--- Assigned task ---
Set down the data below in full and exactly, minus the pictures.

--- Data segment ---
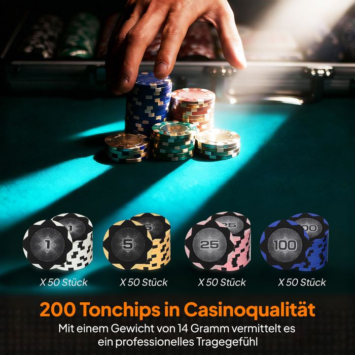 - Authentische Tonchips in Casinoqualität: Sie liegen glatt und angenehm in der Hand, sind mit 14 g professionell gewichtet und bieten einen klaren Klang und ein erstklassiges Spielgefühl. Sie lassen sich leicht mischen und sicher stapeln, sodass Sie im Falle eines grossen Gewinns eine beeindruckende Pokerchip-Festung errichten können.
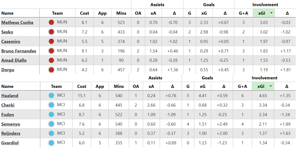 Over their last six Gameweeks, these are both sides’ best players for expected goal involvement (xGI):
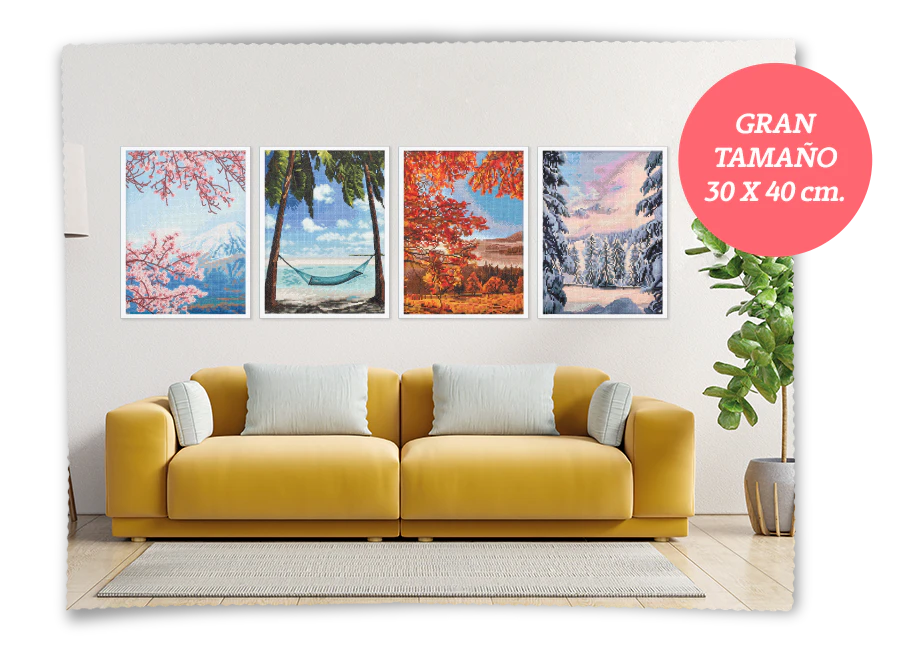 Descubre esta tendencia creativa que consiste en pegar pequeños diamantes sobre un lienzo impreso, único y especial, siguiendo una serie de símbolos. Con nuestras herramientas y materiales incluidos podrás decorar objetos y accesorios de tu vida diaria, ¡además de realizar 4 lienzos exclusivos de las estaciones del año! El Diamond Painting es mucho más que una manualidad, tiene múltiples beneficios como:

--- Response to the task ---
 - Authentische Tonchips in Casinoqualität: Sie liegen glatt und angenehm in der Hand, sind mit 14 g professionell gewichtet und bieten einen klaren Klang und ein erstklassiges Spielgefühl. Sie lassen sich leicht mischen und sicher stapeln, sodass Sie im Falle eines grossen Gewinns eine beeindruckende Pokerchip-Festung errichten können.
 Over their last six Gameweeks, these are both sides’ best players for expected goal involvement (xGI):
 Descubre esta tendencia creativa que consiste en pegar pequeños diamantes sobre un lienzo impreso, único y especial, siguiendo una serie de símbolos. Con nuestras herramientas y materiales incluidos podrás decorar objetos y accesorios de tu vida diaria, ¡además de realizar 4 lienzos exclusivos de las estaciones del año! El Diamond Painting es mucho más que una manualidad, tiene múltiples beneficios como:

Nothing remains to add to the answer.